Technical information
- Licensing authority: FCC
- Facility ID: 25872
- Class: C0
- ERP: 100,000 watts
- HAAT: 310 meters (1,020 ft)
- Transmitter coordinates: 28°7′36.1″N 81°33′2.3″W﻿ / ﻿28.126694°N 81.550639°W

Links
- Public license information: Public file; LMS;
- Webcast: Listen live
- Website: www.97country.com

= WPCV =

WPCV (97.5 MHz) is a commercial FM radio station, licensed to Winter Haven and serving Central Florida. It has a country music radio format and is owned and operated by MARC Media Group. The studios and offices are in Lakeland.
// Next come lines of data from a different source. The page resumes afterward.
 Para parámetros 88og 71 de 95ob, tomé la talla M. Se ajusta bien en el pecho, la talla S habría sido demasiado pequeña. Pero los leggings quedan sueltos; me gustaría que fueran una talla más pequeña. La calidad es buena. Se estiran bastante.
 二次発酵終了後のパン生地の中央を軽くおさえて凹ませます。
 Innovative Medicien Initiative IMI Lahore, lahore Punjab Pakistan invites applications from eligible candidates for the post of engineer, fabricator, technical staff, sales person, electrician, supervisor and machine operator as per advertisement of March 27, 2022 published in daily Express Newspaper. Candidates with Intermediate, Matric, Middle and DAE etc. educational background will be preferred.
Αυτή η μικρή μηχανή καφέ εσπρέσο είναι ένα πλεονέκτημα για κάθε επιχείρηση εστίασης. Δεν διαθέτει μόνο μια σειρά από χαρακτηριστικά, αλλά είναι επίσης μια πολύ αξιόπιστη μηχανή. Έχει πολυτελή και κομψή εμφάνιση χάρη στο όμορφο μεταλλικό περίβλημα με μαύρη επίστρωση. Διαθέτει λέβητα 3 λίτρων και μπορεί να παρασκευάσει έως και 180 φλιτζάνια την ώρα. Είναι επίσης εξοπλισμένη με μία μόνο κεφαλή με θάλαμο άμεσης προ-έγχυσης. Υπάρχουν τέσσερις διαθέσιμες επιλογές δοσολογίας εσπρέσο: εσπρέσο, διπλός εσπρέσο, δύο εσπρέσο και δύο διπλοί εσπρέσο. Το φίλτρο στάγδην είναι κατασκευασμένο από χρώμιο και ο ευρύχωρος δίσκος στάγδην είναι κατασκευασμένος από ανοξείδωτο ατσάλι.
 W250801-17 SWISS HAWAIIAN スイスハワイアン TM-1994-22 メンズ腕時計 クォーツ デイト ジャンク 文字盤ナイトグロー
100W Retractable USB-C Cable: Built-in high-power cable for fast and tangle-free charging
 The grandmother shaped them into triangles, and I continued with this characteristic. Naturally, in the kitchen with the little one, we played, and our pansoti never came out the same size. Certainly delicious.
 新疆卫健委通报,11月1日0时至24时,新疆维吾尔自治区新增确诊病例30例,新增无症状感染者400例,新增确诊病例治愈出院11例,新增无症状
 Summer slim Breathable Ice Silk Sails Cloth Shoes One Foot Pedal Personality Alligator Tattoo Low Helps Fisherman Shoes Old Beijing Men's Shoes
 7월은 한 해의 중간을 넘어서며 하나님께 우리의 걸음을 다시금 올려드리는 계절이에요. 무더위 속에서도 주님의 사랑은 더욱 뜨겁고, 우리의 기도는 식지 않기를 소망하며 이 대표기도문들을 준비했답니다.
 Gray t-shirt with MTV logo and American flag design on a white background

While the station predominantly covers Polk County, WPCV‘s signal also blankets the Greater Orlando area (where it competes with WWKA) and can be heard clearly in the eastern part of the Tampa Bay area and south to Sebring. with its transmitter on Cypress Parkway in Haines City. It has an effective radiated power (ERP) of 100,000 watts, the maximum for non-grandfathered FM stations. The tower has a height above average terrain (HAAT) of 310 m, making WPCV one of few radio stations in Central Florida to reach both Atlantic and Gulf coasts.

==History==
On February 7, 1963, the station signed on the air as WINT-FM, the FM sister station of WINT (1360 AM). In 1967, the station became WXKL, with a beautiful music format. It played quarter hour sweeps of mostly instrumental cover versions of popular songs, with some Hollywood and Broadway show tunes. In 1972, the call letters switched to WHFL.

In 1975, the station flipped to country music. To go along with the new format, it switched to its current call sign, WPCV, which stands for "Polk County's Voice".

On February 12, 2026, a press release from MARC Radio Group announced that they would be acquiring all of Hall Communications' Florida radio stations.